--- START ---
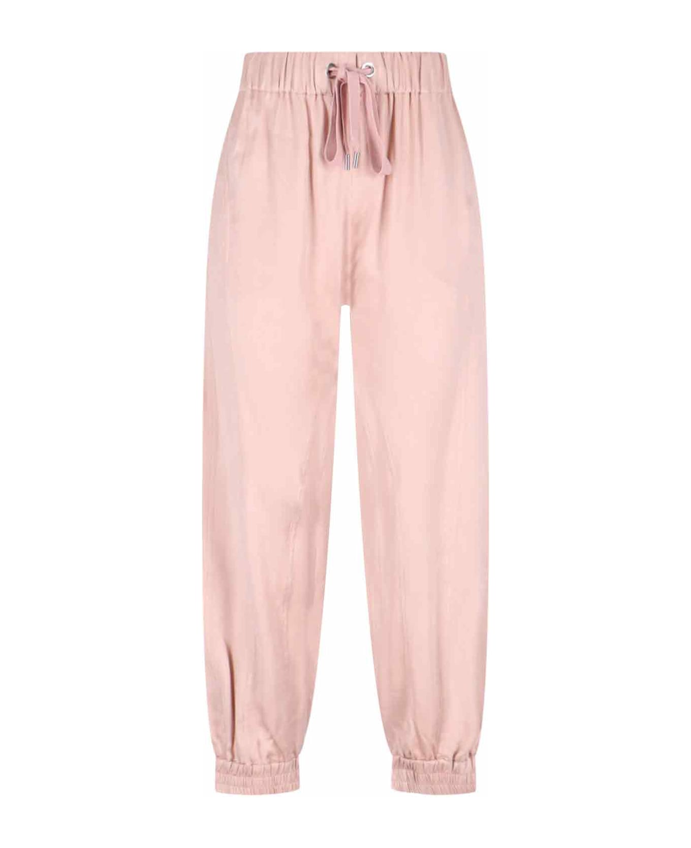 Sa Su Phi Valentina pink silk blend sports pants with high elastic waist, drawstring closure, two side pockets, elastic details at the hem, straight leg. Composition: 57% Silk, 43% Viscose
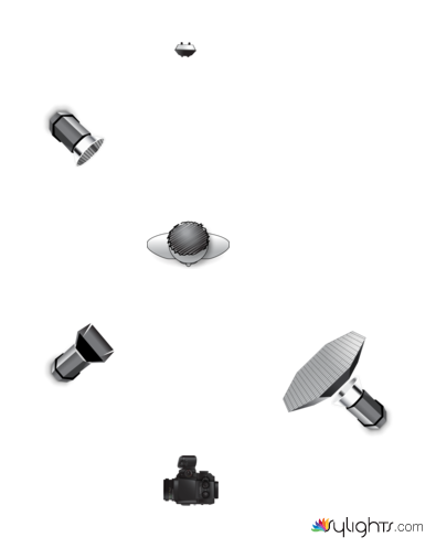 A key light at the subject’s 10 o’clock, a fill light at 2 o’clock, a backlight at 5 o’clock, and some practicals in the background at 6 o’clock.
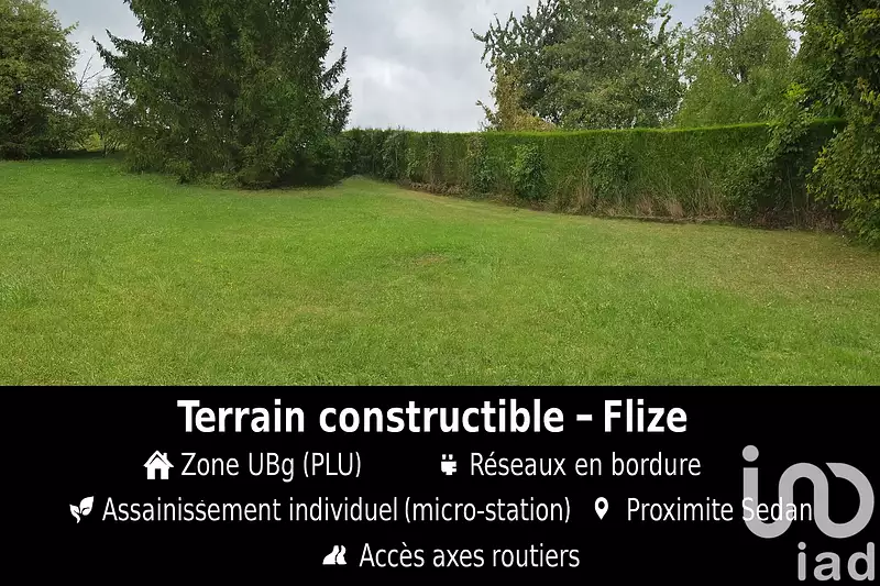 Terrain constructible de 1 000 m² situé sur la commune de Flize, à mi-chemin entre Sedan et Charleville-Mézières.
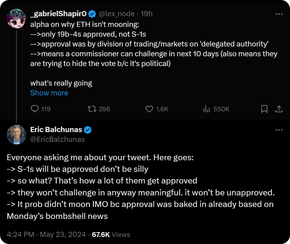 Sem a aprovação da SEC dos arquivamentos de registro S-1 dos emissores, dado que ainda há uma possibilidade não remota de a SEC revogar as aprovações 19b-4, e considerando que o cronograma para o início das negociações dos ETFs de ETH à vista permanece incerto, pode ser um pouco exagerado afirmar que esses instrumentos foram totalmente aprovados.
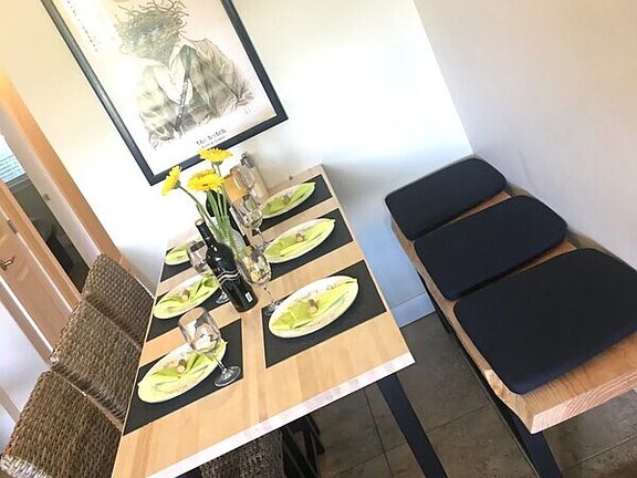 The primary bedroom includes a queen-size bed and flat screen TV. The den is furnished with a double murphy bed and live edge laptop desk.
--- END ---
* **TASK GOAL**
Each entry needs to be retyped exactly; the pictures stay out.

* **ANSWER TO THE EXERCISE**
 Sa Su Phi Valentina pink silk blend sports pants with high elastic waist, drawstring closure, two side pockets, elastic details at the hem, straight leg. Composition: 57% Silk, 43% Viscose
 A key light at the subject’s 10 o’clock, a fill light at 2 o’clock, a backlight at 5 o’clock, and some practicals in the background at 6 o’clock.
 Terrain constructible de 1 000 m² situé sur la commune de Flize, à mi-chemin entre Sedan et Charleville-Mézières.
 Sem a aprovação da SEC dos arquivamentos de registro S-1 dos emissores, dado que ainda há uma possibilidade não remota de a SEC revogar as aprovações 19b-4, e considerando que o cronograma para o início das negociações dos ETFs de ETH à vista permanece incerto, pode ser um pouco exagerado afirmar que esses instrumentos foram totalmente aprovados.
 The primary bedroom includes a queen-size bed and flat screen TV. The den is furnished with a double murphy bed and live edge laptop desk.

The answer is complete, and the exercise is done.